А еще был поэт совершенно отдельный — Эдуард Асадов. Из военного поколения, фронтовик, доброволец, ослепший после тяжелого ранения, всю жизнь носил черную полумаску на месте глаз. Асадова критика не считала человеком и в упор отказывала во всем: писал стихи примитивные, пошлые, поверхностно-нравоучительные, и вообще ни разу не поэт. И вы знаете, все это правда. За исключением одного: он был поэт! Несмотря на свою гомеровскую слепоту, несмотря на свою назидательность школьного учителя, несмотря на формальную примитивность своих виршей на уровне графомании. Он был кумиром восьмиклассниц и пэтэушниц, столь же неискушенных в поэзии, сколь тянущихся к красоте своими трогательно-примитивными душами. И вообще его очень любила масса людей, для которых поэзия — это было слишком сложно, а вот зарифмованные благие пожелания и добрые нравоучения — в самый раз, в сердце, в яблочко!

«Стихи о рыжей дворняге» исполняли в середине шестидесятых на всех школьных вечерах буквально: «Труп волны снесли под коряги… Старик! Ты не знаешь природы: ведь может тело дворняги, а сердце чистейшей породы!» А уж «Ночь» девочки просто переписывали, сборников-то тиражами стотысячными достойными-массовыми было не достать, с продавщицами дружили, из-под прилавка покупали, время было такое — «Эх, знать бы ей, чуять душой, что в гордости, может, и сила, что гордость еще ни одной девчонке не повредила. И может, все вышло не так бы, случись эта ночь после свадьбы».

Понимаете, в поэзии шестидесятых Асадов — это был такой наивный и неуклюжий Портос, неотесанная деревенщина с незамутненными представлениями о добре и красоте. Он писал о любви, о верности, о красоте и природе, о долге и мужестве — очень простенько, буквально на уровне звезды районной многотиражки. Но он писал о добре, учил добру и ставил выше всего добро! Аж иногда неловко становилось, просто совесть щемила: такую фигню пишет, такую школьную пропаганду в лоб гонит, ну просто пионервожатый на слете юных тимуровцев — а ведь правду говорит, пацаны, ведь так и есть на самом деле: мы вот ржем, а он правда верит во все хорошее, он хочет, чтоб жизнь была такая, чтоб люди хорошими были, он за это глаза на войне потерял… Как же можно его ругать-то.

…Вот разговор уже к концу — а деревенщики, почвенники, народники, земельщики — они-то где, про них-то что? Василий Белов, Валентин Распутин, Федор Абрамов, Виль Липатов, Виктор Астафьев, наконец!
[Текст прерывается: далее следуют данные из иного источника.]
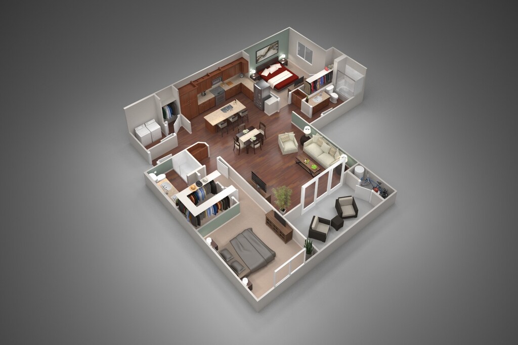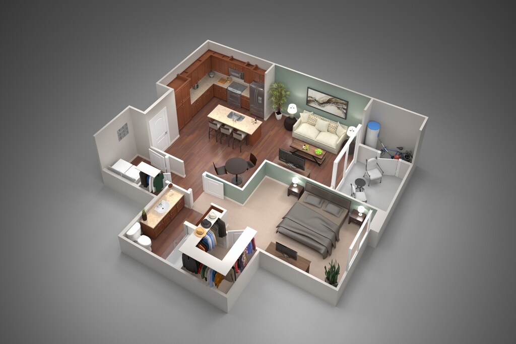 1 Dormitorio, 1 Baño, 988 pies²Disponible AhoraGalería del Modelo
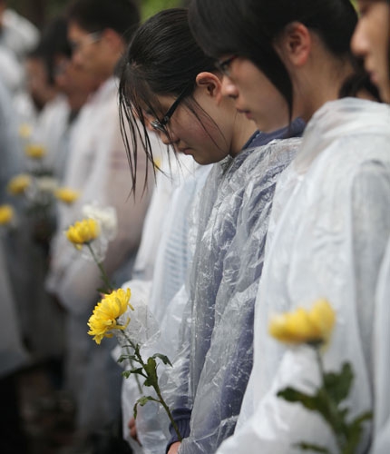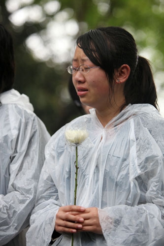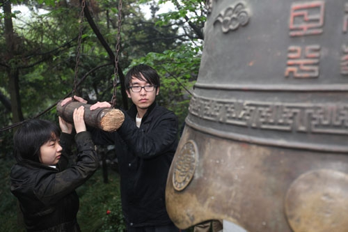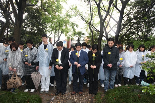 4月21日上午7点40分,60余名复旦师生陆续汇集到燕园世纪铜钟前,他们自发赶来这里,参加为玉树地震遇难同胞哀悼的鸣钟活动。7点49分,2名来自青海省的学生代表敲响了世纪钟,全场学生手持菊花,在沉重的钟声中肃立默哀三分钟,以此表达对玉树地震遇难同胞的哀悼。

Это было иное течение, как бы параллельное новой, городской, молодежной, иронической прозе — параллельное, не пересекающееся, оппозиционное ей, принципиально другое. Они недолюбливали город с его циничным потребительством и моральным растлением, отходом от народных корней. Они воспевали деревню, традицию, исконные формы народной духовности, они выступали хранителями крестьянской традиции, корня народного — прямо или косвенно, вольно или невольно противопоставляя себя ироничникам-молодежникам-горожанам. Короче — это была тогдашняя советская форма борьбы славянофилов и западников.

Деревенщики были традиционны по взглядам, пристрастиям — и по форме. Критический реализм с включением реализма социалистического. Они писали добротную традиционную прозу и исповедовали традиционные добродетели: трудолюбие, порядочность, честность, верность. Терпеть не могли никаких формальных изысков — хотя Виктор Астафьев, скажем, в знаменитой некогда «Царь-рыбе» каждую фразу старается подвывернуть так, чтоб было не вовсе обычно, не стандартно: вода у него летит из-под винта не брызгами, а «комьями» и т. п. Они любили упирать в языке на диалектизмы, архаизмы или вовсе неологизмы сами изобретали — чтоб язык казался понароднее, отличался от обычного литературного, «городского» в сторону самобытности, исконности, так сказать. При всем уважении к этим достойным людям и писателям так и тянет вспомнить незабвенное «Понюхал старик Ромуальдыч свою онучу и ажно заколдобился». «Сермяжная, она же посконная, домотканая и кондовая, — задумчиво сказал Остап. — Короче, из какого класса гимназии вас вытурили за неуспешность, студент?»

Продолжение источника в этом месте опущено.